The Witches' Road could also be seen as a media version of the 'imaginal realm' that features in shamanism and witchcraft.  An individual journey we must take.  A bit like in shamanism or a spiritual retreat weekend and the activities and experiences one might be invited to.  In fact, through a recent experience of hermetic magic visualisation training I experienced in September, this looks to be loosely applied and very similar to walking up to the trial structures the witches experience.  There is a pathway to each one - as visualised in hermetic magic.  And the trial is adaptive and personal to each coven member.  The Witches' Road was imaginatively created in the show [major spoiler].  Teddy Altman/Hulkling is my husband's favourite Marvel character, who is Billy Kaplan/Maximoff/Wiccan's husband - they are a gay couple, which is not often portrayed well in such media.  I guess due to the success of the show, Wiccan has his first solo limited series Wiccan: Witches' Road from December 2025 to April 2026.

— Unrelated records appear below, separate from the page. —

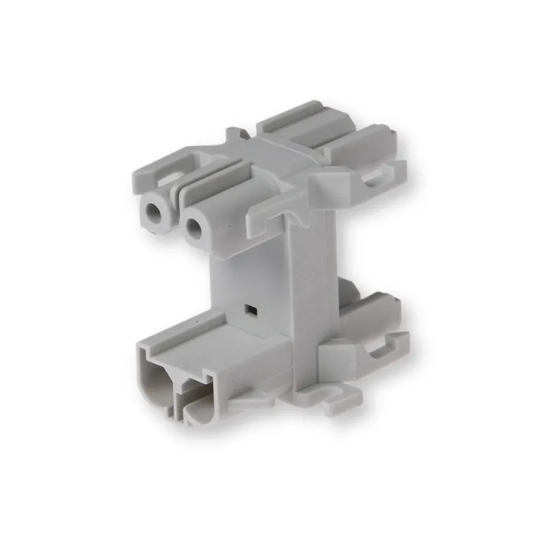 Haaroitusliitin sisältää holkkiliittimen syötön ja kolme pistotulpan ulostuloa. Haaroittimeen liitetyt koskettimet on määritelty kytkentäkaaviossa. Tarvittaessa liitäntälaite voidaan asentaa alustalle kahdella ruuvilla, max. ø 3,5 mm, kiinnitysreikien väli 58 mm.
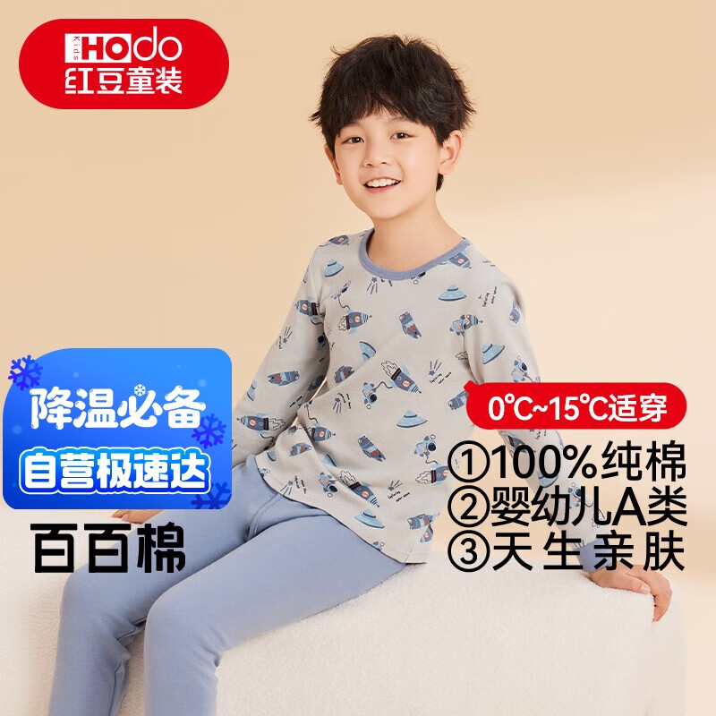 红豆儿童纯棉内衣套装男女童秋衣秋裤秋冬保暖低领棉毛衫M1209月灰140
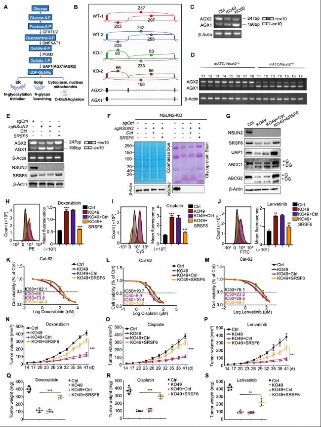 圖6:NSUN2通過SRSF6介導UAP1的可變剪切促進N-糖基化。
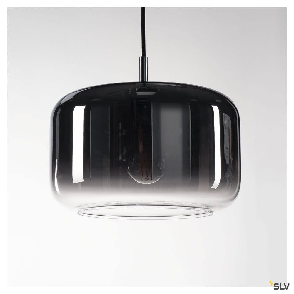 Intérieur suspensions. Matériau principal: Verre, Couleur: chrome, Culot: E27, Form: cylindrique, Puissance assignée: 15 W, Classe de protection (EN 61140): II, Indice de protection (DIN EN 60529): IP20, donc Protection contre les corps étrangers solides d'un diamètre supérieur à 12,5 mm, Tension d'alimentation: 220-240V ~50/60 Hz, Diamètre du luminaire: 28 cm, Dimension (L/W/H): ( 28 / 28 / 17.2 cm ), Poids: 1.265 kg. Le produit répond aux exigences essentielles des directives européennes applicables et de la loi sur la sécurité des produits et porte le marquage CE.SLV Référence 1003006 / EAN 4024163231961
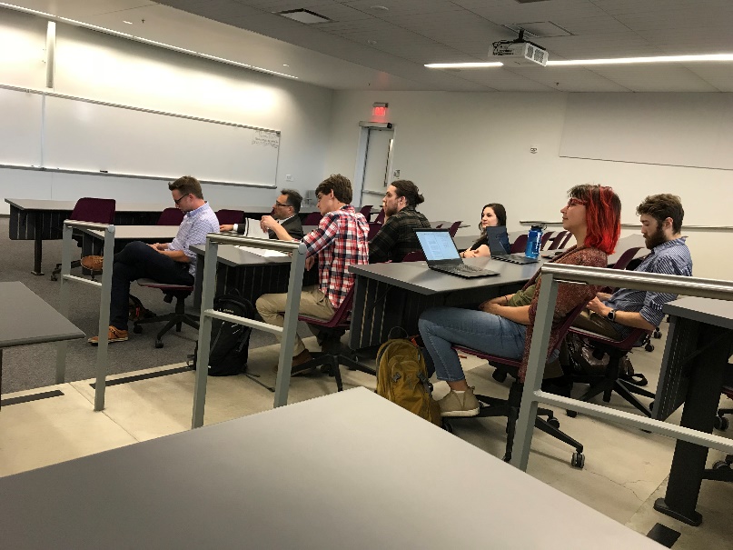 接下来,同学们纷纷投入到了学习生活中。俄勒冈的课堂精细而有趣,每个课堂都有五位助教,负责组织课堂讨论,以及课后回答同学疑问,同学们也相应被分成五组。教授们的课堂风格鲜明,英语论文写作课上Malewitz教授借助托尼·莫里森的短篇小说《宣叙》指导同学们文学评论的写作技巧;美国原住民文学课上Bernardin教授通过分析D’Arcy McNickle的小说《Train Time》,讨论了美国原住民文学中原住民与外来移民者的文化冲突;文学作品精读课上Davison教授通过厄普代克的短篇小说《A&P》解读美国现实主义与现代主义小说的风格特征与阶级思考,Ward教授则选取了一则名为《Goblin Market》的长篇诗歌,分析其写作技巧、主要意象的象征意味,以及其中对资本主义的些许隐喻;俄勒冈当地文学课上Moore教授带领同学们阅读小说《永不让步》中的片段描写,又联系当地环境与人文特征,介绍俄勒冈文学与作家群……每一堂课都有着明确的主题和思路。在教授们的鼓励机制下,同学们的积极性也极其高涨,课堂上时而有激昂的讨论,时而迸发出观点契合的开心笑声。第一周的学习时光匆匆结尾,同学们在身体的时差中认真地预习阅读材料,朋友之间也互相帮助促进理解;茶余饭后的悠闲时光,却总是看到大家翻材料查单词的身影。

Besides it being really engaging mysterious story, character arcs, cast and acting, production values and set design, visuals, fun, soundtrack (exceptional witchy/horror/spooky score and songs) and all the witchy stuff I love.  I was fully engaged like I remember when I was young watching Sleepy Hollow (1999) at home with family, not too long after it was on at the cinema.  And I was absolutely hooked in and fascinated of the headless horseman, the mystery of where, how and why he appeared.  There are many visuals and scenes that standout in Agatha All Along, but a particular standout where a blood moon is looming and the witches 'fly' in front of it - pure joy!  The reference to bare feet in respect of the road, reinforced by the actual 'earthing' meaning in the end credits footage.  Wiccan's bedroom objects reminded me of my old childhood bedroom.  I need to aspire to create something like this again.  The show became symbolic to me through the characters, elements, growth and decay, group healing/giving of what desired.  Death as a personified witch, genius.  I don't think death was included just because of a horror theme.  But the lifecycle of all living things.  There was a strong sense of practicality that I can learn magic and create my own peaceful witch vibes.  Practical analogue magic that seems achievable and can learn outside of the show.  It included stereotypes, defying all witches are evil arc, there are good witches and other types.  Jac Schaeffer the director did an exceptional and immaculate job of executing this project.  I expect this to have long-term cultural impact, just as Hocus Pocus did.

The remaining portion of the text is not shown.